SUPPLIED MATERIAL:

· · · ·

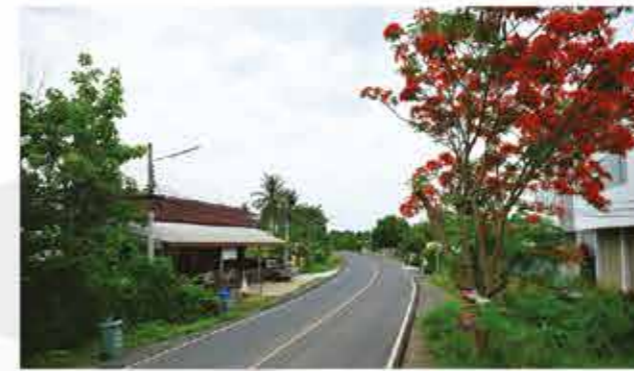
ถนนสาย 2271 - ป่าม่วง ตำบลสะเดียง อำเภอเมือง
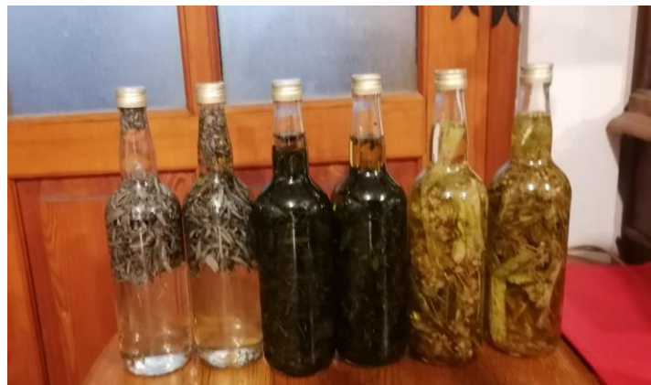
Slika 7. Maceracija rakije

Za izdvajanje sastojaka bilja može se koristiti maceracija, digestija ili perkolacija. U ovom radu koristili smo metodu tradicionalne maceracije (Slika 7.). Maceracija se u pravilu odvija u tamnim prostorima na sobnoj temperaturi. Mi smo za maceriranje suhih biljaka koristili rakiju komovicu jačine od 44 % vol. Tijekom maceracije u alkohol se prvo izdvajaju glikozid, eterična ulja i kumarin, a nakon toga klorofil i ostali spojevi.
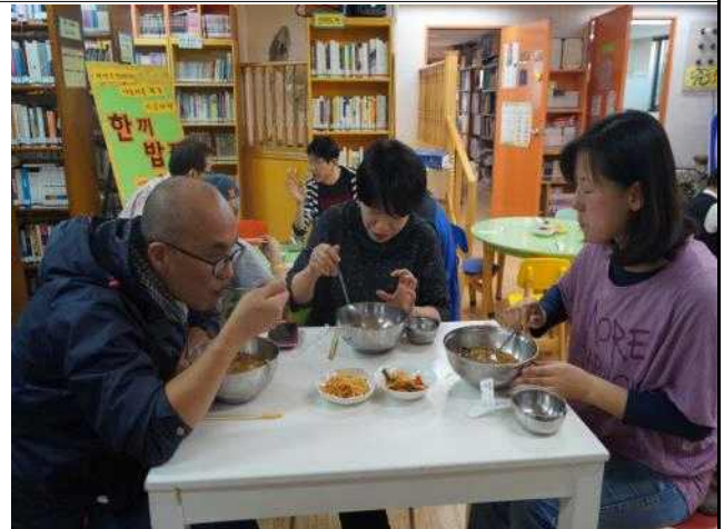
〈일반 시민대상 밥집 운영중〉
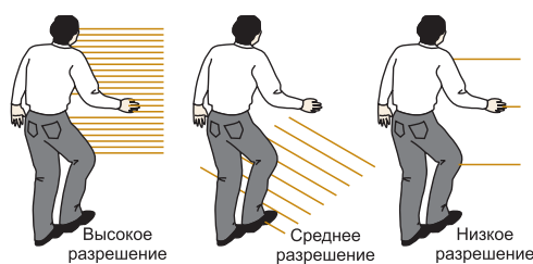
Рис. 1. Разрешающая способность

Система MINI-SCREEN имеет высокую степень безопасности, подтвержденную тестами по методике FMEA (Failure Mode and Effects Analysis), которая позволяет анализировать влияние отказов системы на ее безопасность.
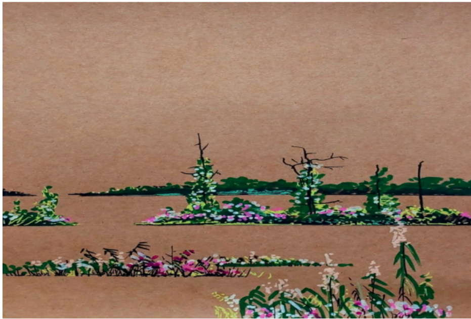
Figura 2 – Flávio Dutka, série Inverno Amazônico , 2025, marcador sobre papel, 20 × 30 cm.

Não há paisagem nas obras de Flávio Dutka. Nas séries Um lago chamado Cuniã e Inverno Amazônico (Figura 1 e 2 respectivamente), a pintura recusa a exterioridade do olhar que estrutura a tradição representacional ocidental, baseada na separação entre sujeito observador e território observado. Em lugar de um espaço organizado a partir de um ponto de vista estável, o que se apresenta é uma superfície instável, atravessada por campos cromáticos difusos e linhas que dissolvem a distinção entre figura e fundo.
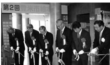
関係者らによるテープカットが行われた開場式
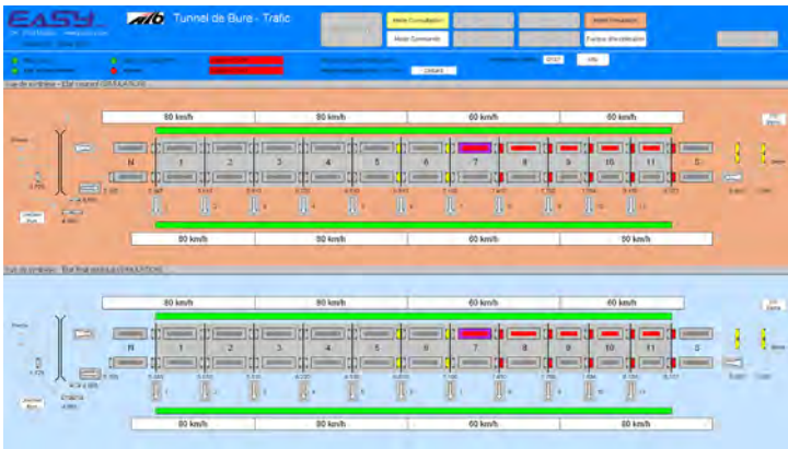
Tunnel „Bure“: Ansicht der Geschwindigkeits-Segmente
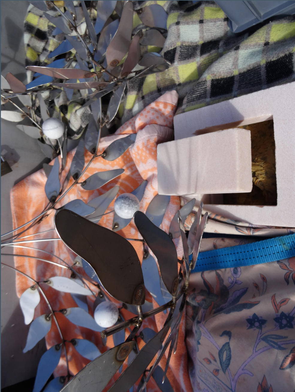
Autora: Carmen Vitorino
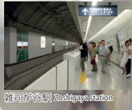
雑司が谷駅 Zoshigaya station

With the debut of the Tokyo Metro Fukutoshin Line linking Ikebukuro with Shinjuku and Shibuya on June 14, 2008, Zoshigaya station was newly opened in Toshima City. The city now boasts a network of five rail companies and 12 rail lines, as well as Tokyo's only tram line, the Arakawa Line, providing convenient and flexible travel.
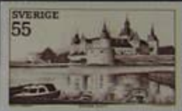
Palacio Kalmar, un antiguo castillo wasa.
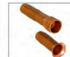
Аккуратное вальцевание и расширение
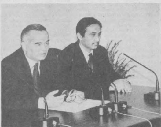
Республики Узбекистан Ислам Каримов.
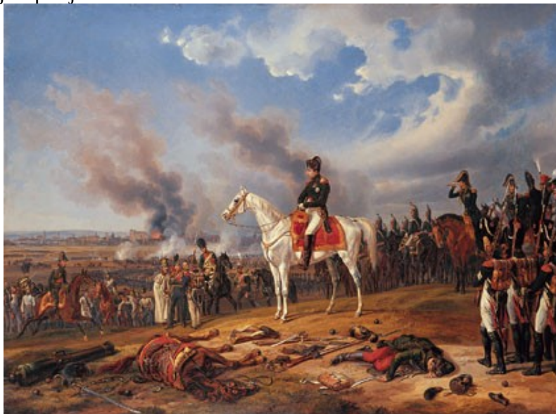
Slika 5 Slika s boja.

uporabili proti Grčiji. Aleksander Veliki je leta 332 pr. n .št. po zavzetju mesta Tir vključil Fenicijo v svoj imperij.
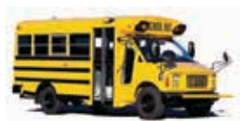
Les bus ont 20 sièges
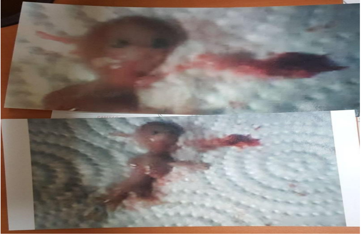
Resim-1: Şahsın eşine gönderdiği ve dava dosyasına giren fotoęraflar.

Olayın adli makamlara intikal etmesi ile şahsın eşine gönderdiği düşük materyalini içeren 2 adet fotoęraf dava dosyasına eklenmiştir. Şahıs, mevzubahis darp olayı ile gerçekleştięi iddia olunan düşük olayının arasında illiyet olup olmadığının tespiti açısından dava dosyası ile birlikte Gaziantep Üniversitesi Adli Tıp Anabilim Dalına gönderilmiştir.
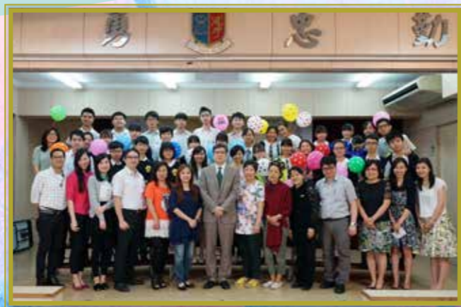
家長們也積極參與敬師活動呢！

家長教師會作為家校緊密聯繫的重要橋樑，每年積極籌辦多元化的活動，例如家長講座「伴你啟航」、「e-class 應用工作坊」等，讓家長掌握最新的教育資訊。此外，一年一度的親子旅行日讓人滿心期待。今年「親子郊遊樂」暢遊西貢鹽田梓、地質公園等保育景點，讓家長與師生在輕鬆的環境中互動，並對香港有更深入的认识。各家長委員更鼎力支持校園的各項活動，包括「生果日」、「歌唱比賽」、「年宵攤位」和「周年陸運會」等，是惠僑辦學的強大後盾。
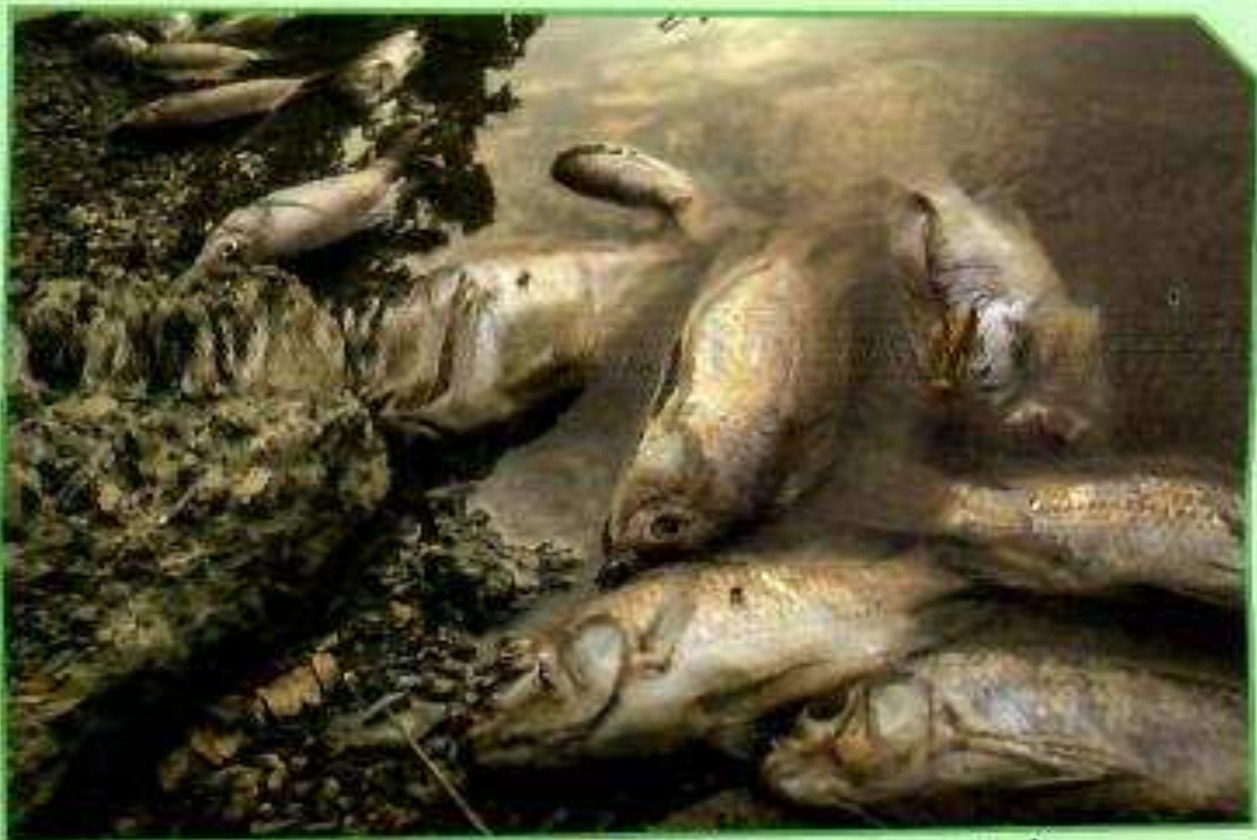
أ. ظاهرة نفوق الأسماك بسبب تلوث البحر
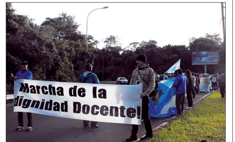
Misiones es Santa Cruz. Continúa la lucha de la docencia.
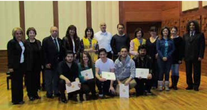
Yarışmacılar jüri üyeleri ve görevliler toplu halde Adnan Saygun salonunda
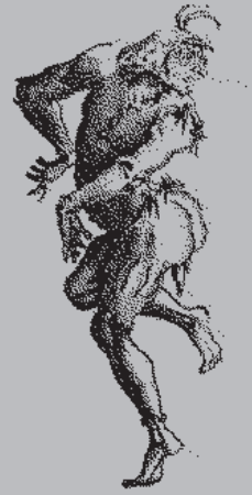
ジャック・カロ《二人のザンニ》(部分)、1616年頃

· · · ·

Starting with the line that contains "Resim-1: Şahsın eşine" and finishing with the line that contains "家長教師會作為家校緊密聯繫的", reproduce every line of the material above exactly, but not the pictures.

ANSWER TO THE EXERCISE:
Resim-1: Şahsın eşine gönderdiği ve dava dosyasına giren fotoęraflar.

Olayın adli makamlara intikal etmesi ile şahsın eşine gönderdiği düşük materyalini içeren 2 adet fotoęraf dava dosyasına eklenmiştir. Şahıs, mevzubahis darp olayı ile gerçekleştięi iddia olunan düşük olayının arasında illiyet olup olmadığının tespiti açısından dava dosyası ile birlikte Gaziantep Üniversitesi Adli Tıp Anabilim Dalına gönderilmiştir.
家長們也積極參與敬師活動呢！

家長教師會作為家校緊密聯繫的重要橋樑，每年積極籌辦多元化的活動，例如家長講座「伴你啟航」、「e-class 應用工作坊」等，讓家長掌握最新的教育資訊。此外，一年一度的親子旅行日讓人滿心期待。今年「親子郊遊樂」暢遊西貢鹽田梓、地質公園等保育景點，讓家長與師生在輕鬆的環境中互動，並對香港有更深入的认识。各家長委員更鼎力支持校園的各項活動，包括「生果日」、「歌唱比賽」、「年宵攤位」和「周年陸運會」等，是惠僑辦學的強大後盾。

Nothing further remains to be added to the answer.